Is it possible to have another dust bowl




















But in recent years some farmers have changed their practices to better conserve the soil , particularly after severe droughts in Tim Cowan, lead author and research fellow at the University of Southern Queensland, said the study concentrated on the impacts of temperature rises but that land management would have a big impact too.

However, improving land management could not remedy the damage done by the climate emergency. The researchers also found that there was a small but detectable impact from greenhouse gases on the dust bowl conditions of the s. The climate model used by the researchers, developed at Oxford, runs on the personal computers of volunteers from around the world. This article is more than 1 year old.

Abandoned farm buildings and machinery in the dust bowl caused by poor farming technique, as seen in May In the s, the Dust Bowl was caused by years of severe drought and featured dust storms up to 1, miles long. But the other driving force behind the plumes of dust that ravaged the landscape was the conversion of prairie to agricultural fields on a massive scale—between and the early s, farmers converted 5.

Hardy prairie grasses would have likely withstood the drought, but crops covering the newly converted tracts swiftly bit the proverbial dust, which loosened the grip their roots had on the soil.
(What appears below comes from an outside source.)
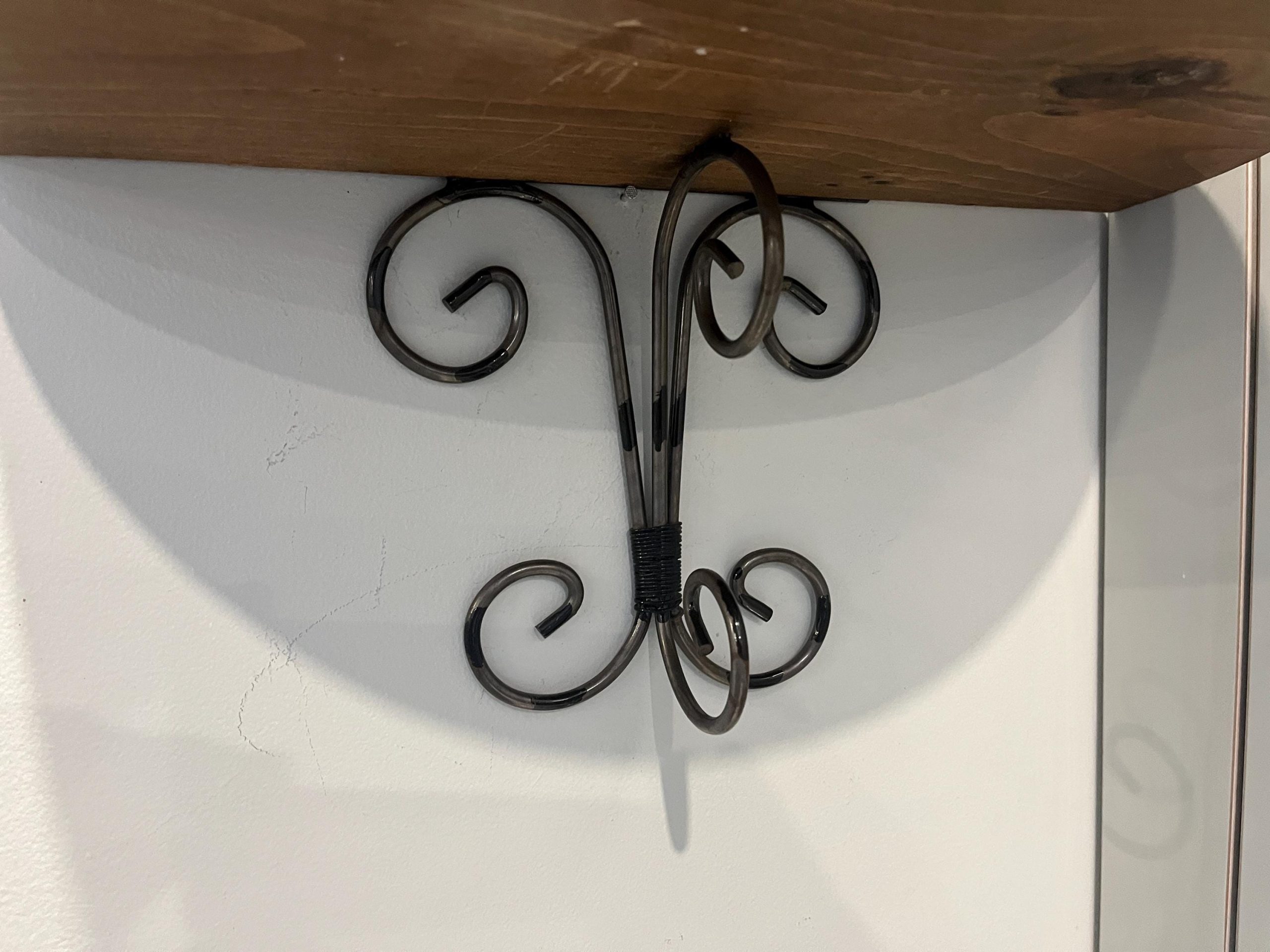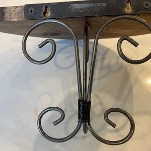 This lovely small wood and wire shelf measures 14 inches wide by 7 inches deep and 7 inches high. The perfect small shelf for a hallway or by the door. Two slots are provided on the back for easy hanging.
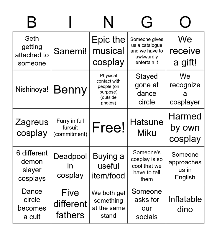 This bingo card has a free space and 24 words: Deadpool in cosplay, Five different fathers, Physical contact with people (on purpose) (outside photos), Dance circle becomes a cult, We receive a gift!, Seth getting attached to someone, Nishinoya!, Sanemi!, Hatsune Miku, Buying a useful item/food, Stayed gone at dance circle, Zagreus cosplay, Someone's cosplay is so cool that we have to tell them, Someone approaches us in English, Benny, Someone asks for our socials, Harmed by own cosplay, Epic the musical cosplay, We recognize a cosplayer, Furry in full fursuit (commitment), Inflatable dino, 6 different demon slayer cosplays, Someone gives us a catalogue and we have to awkwardly entertain it and We both get something at the same stand.

Besides blotting out the sun, dust storms strip valuable nutrients from the soils, making the land less productive, and create a significant health hazard at a time when a respiratory illness is sickening people around the world, according to Science.
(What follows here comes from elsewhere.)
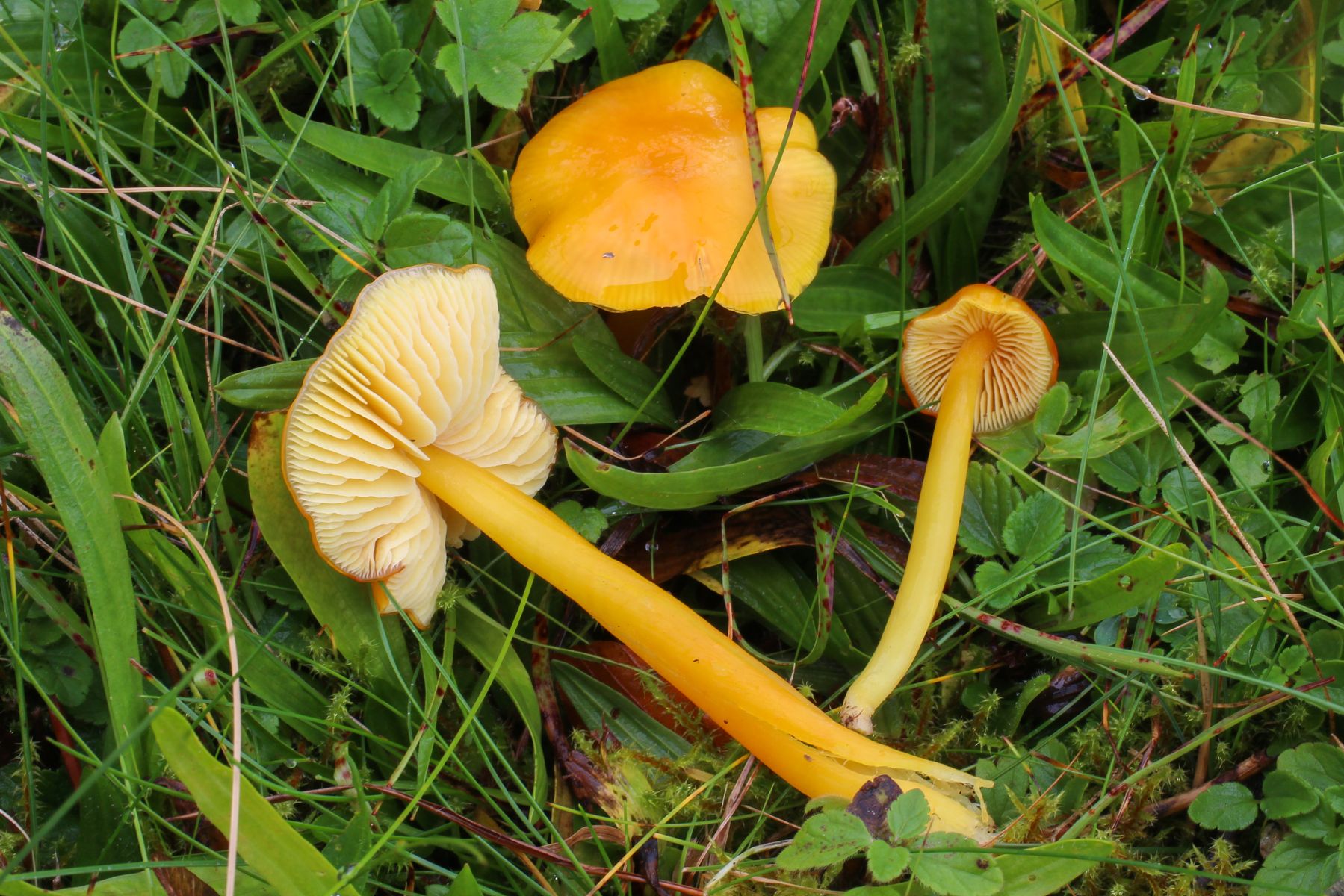8) Hygrocybe chlorophana - versteckt zwischen Tausenden von Hygrocybe ceracea (ein Foto dazu hat Hannes2 (Jörg) gepostet!)

The new research, published earlier this month in the journal Geophysical Research Letters , used data from NASA satellites and ground monitoring systems to detect a steady increase in the amount of dust being kicked into the atmosphere every year, reports Brooks Hays for United Press International.

The researchers found that levels of atmospheric dust swirling above the Great Plains region doubled between and The Dust Bowl is a distant memory, but the odds of such a drought happening again are increasing. Benjamin Cook of the NASA Goddard Institute explains that climate change is likely to lead to less rainfall regionally and higher temperatures nationwide. And this has an additional effect of further drying up the soils.

The impacts on agriculture could be dire, but fortunately, the next major drought will not cause a second dust bowl, as we are now better able to prevent soil erosion.